I rebuilt Windows 95 in a weekend. The hook isn't the nostalgia. It's that I treated it as a design system, not a project.
Windows 95 already shipped a complete design language. Buttons, dialogs, window chrome, type scale, color tokens, all designed, all documented, all coherent. Decades ago. By people who took design systems seriously before the term existed.
The community took that work and turned it into open-source code. React95 for the widgets. Webamp for the actual Winamp. A design system plus a working app, both sitting in public repositories.
The stack:
- React 19 + Vite
- React95 (core + icons) for the design system: windows, buttons, taskbar, cursors
- Styled-components for the Win95-specific 3D beveled borders
- Webamp embedded for actual music playback
- Vercel for deploy
The split between leverage and build was the design decision:
- Leveraged: every UI primitive, every cursor, every icon. React95 gives the entire design language as components. I touched zero pixels of chrome.

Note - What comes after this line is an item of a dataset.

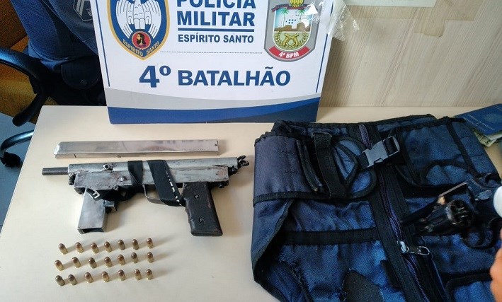 Já outra guarnição, da 3ª Cia do 4º BPM, estava no bairro em apoio na operação, quando se deparam com vários homens armados, que conseguiram se evadir. Durante buscas pelo local, foi encontrada debaixo de uma caixa d’agua, em um terreno baldio, uma submetralhadora, contendo 21 munições calibre 380 e um colete balístico.

- Built: window management (drag, minimize, maximize, z-index, taskbar), an iframe-based Internet Explorer with address bar and CRT scanline effects, and a dial-up loading experience that opens 40+ archived 90s sites.
I split the AI work deliberately. Opus 4.5 got the architectural pass: one careful prompt, out came a project structure that didn't fight me later. Sonnet 4.5 handled iteration: describe behavior, get the implementation, test, refine. The speed wasn't AI-magic. It was the right model for the right shape of work.
The fastest way to ship something polished isn't to start from scratch, and isn't to assemble from parts either. It's to find the design system that already exists, leverage every primitive it gives you, and spend your engineering on the part that actually requires invention.
What 90s app would you rebuild?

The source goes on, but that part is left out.